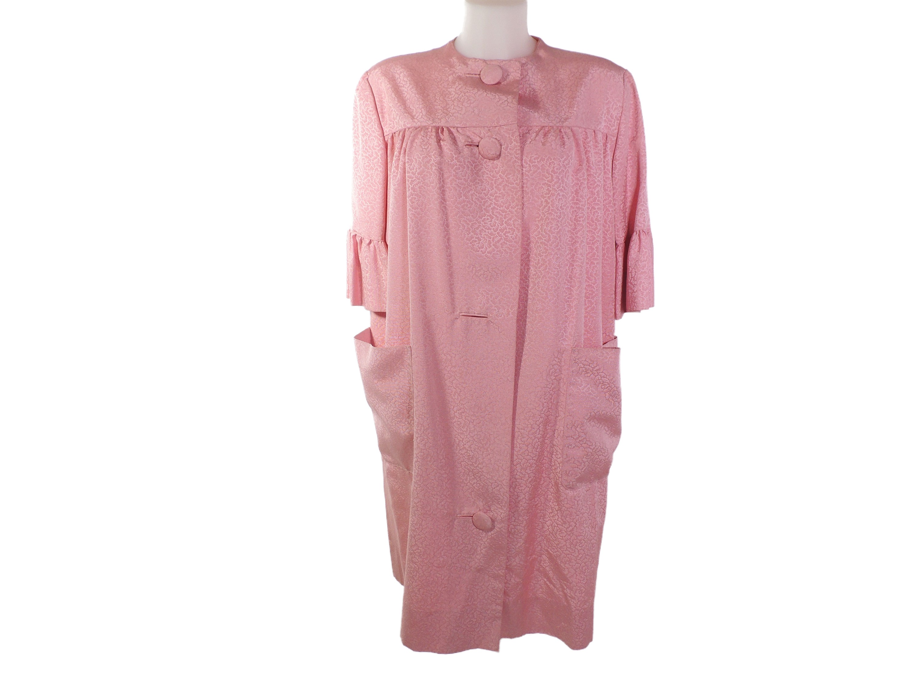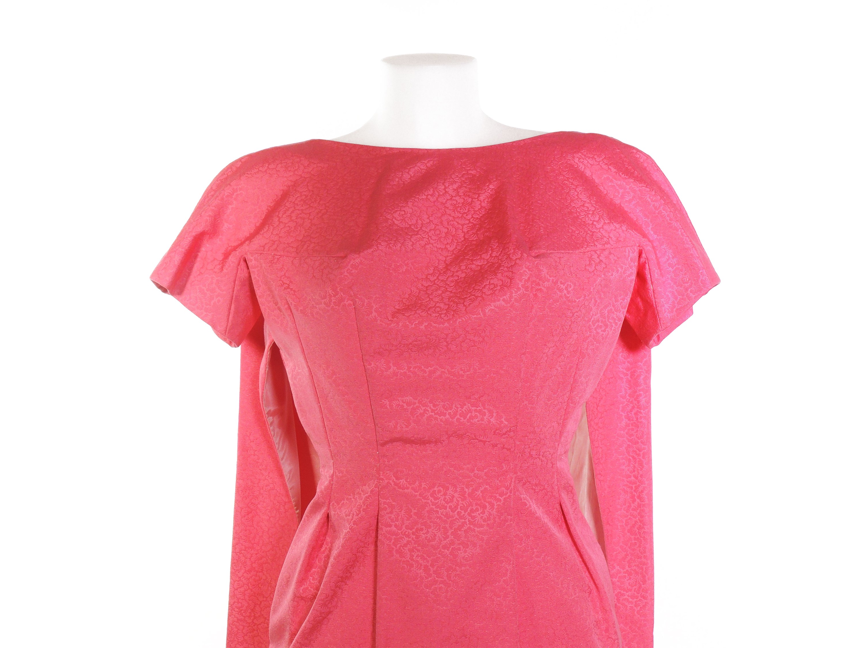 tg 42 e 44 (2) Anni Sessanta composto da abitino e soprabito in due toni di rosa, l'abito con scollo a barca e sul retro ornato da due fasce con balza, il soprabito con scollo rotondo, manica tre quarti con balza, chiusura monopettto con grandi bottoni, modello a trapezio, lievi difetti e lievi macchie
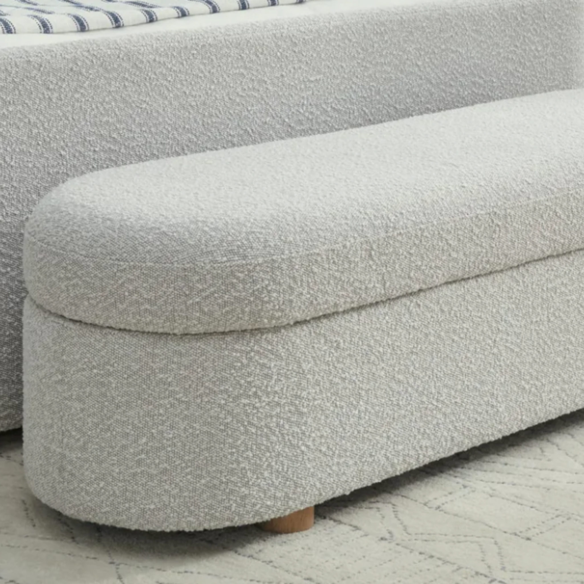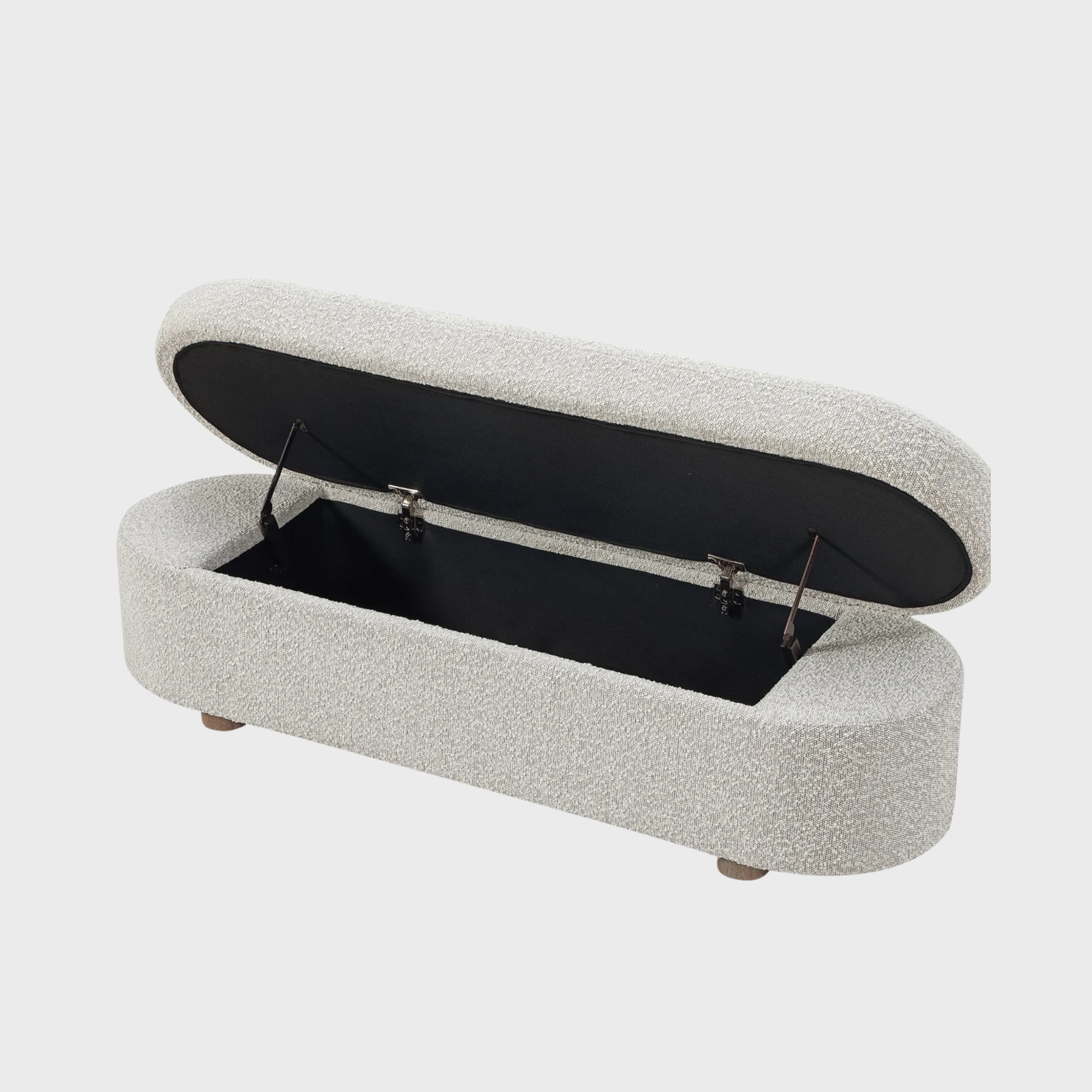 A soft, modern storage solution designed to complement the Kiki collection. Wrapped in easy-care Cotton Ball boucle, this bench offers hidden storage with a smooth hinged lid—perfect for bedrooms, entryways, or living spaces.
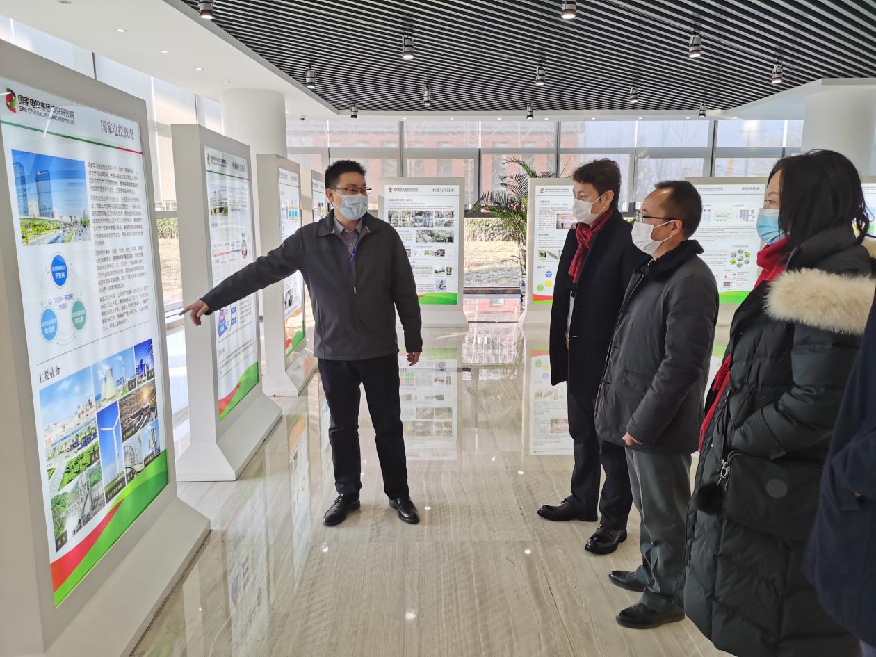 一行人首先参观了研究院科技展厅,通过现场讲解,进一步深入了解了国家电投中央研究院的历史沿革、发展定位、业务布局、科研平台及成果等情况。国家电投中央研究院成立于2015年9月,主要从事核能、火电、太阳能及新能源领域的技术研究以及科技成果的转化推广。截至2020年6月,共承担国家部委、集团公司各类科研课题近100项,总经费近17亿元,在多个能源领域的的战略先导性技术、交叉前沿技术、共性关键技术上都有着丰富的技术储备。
○ ○ ○
What to produce>
Repeat the line containing "A soft, modern" and every line after it up to the end of the material above, exactly as they stand, minus the pictures.

Written response>
 A soft, modern storage solution designed to complement the Kiki collection. Wrapped in easy-care Cotton Ball boucle, this bench offers hidden storage with a smooth hinged lid—perfect for bedrooms, entryways, or living spaces.
 一行人首先参观了研究院科技展厅,通过现场讲解,进一步深入了解了国家电投中央研究院的历史沿革、发展定位、业务布局、科研平台及成果等情况。国家电投中央研究院成立于2015年9月,主要从事核能、火电、太阳能及新能源领域的技术研究以及科技成果的转化推广。截至2020年6月,共承担国家部委、集团公司各类科研课题近100项,总经费近17亿元,在多个能源领域的的战略先导性技术、交叉前沿技术、共性关键技术上都有着丰富的技术储备。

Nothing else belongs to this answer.